Average is a straight- forward concept and it can be solved easily by equal distribution method. Average is the sum of all the elements in a given data set divided by the total number of elements in the data set. The most commonly denoted term for average is Arithmetic Mean, simply termed as mean.

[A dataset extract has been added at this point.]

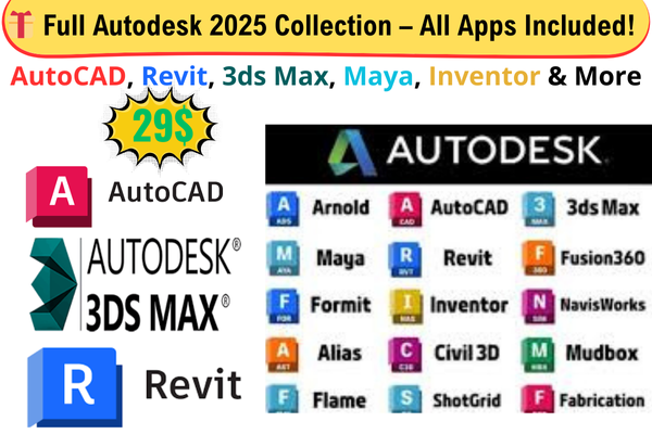 Unlock your creative and technical potential with the Autodesk 2025 All-In-One Bundle, including AutoCAD, Revit, 3ds Max, Maya, Inventor, and more — all for just $29.

The article SSC CPO Averages Quiz 1 very useful for different competitive examinations like RRB ALP/Technical Exams/Junior Engineer Recruitment Exams, SSC, IBPS PO, IBPS RRB Exams and etc. SSC CPO Averages Quiz 1 is very useful to crack the Quantitative Aptitude sections in several exams.

### Quiz

1. In an exam of 100 marks, the average marks of a class of 40 students are 76. If the top 3 scorers of the class leave, the average score falls “down by 1. If the other two toppers except “the highest topper scored not more than 85. “then what is the minimum score the topper can score?

A. 86
B. 98
C. 95
D. 92
E. None of these

Explanation:
Total score of 40 students = (40 × 76) = 3040

Total score of top 3 scorers = 3040 – (37 × 75) = 265

To minimize the score of the top scorer, we assume the other two top scorers score the maximum they can = 85 marks each.

So, the top scorer scored = 265 – 170 = 95 marks.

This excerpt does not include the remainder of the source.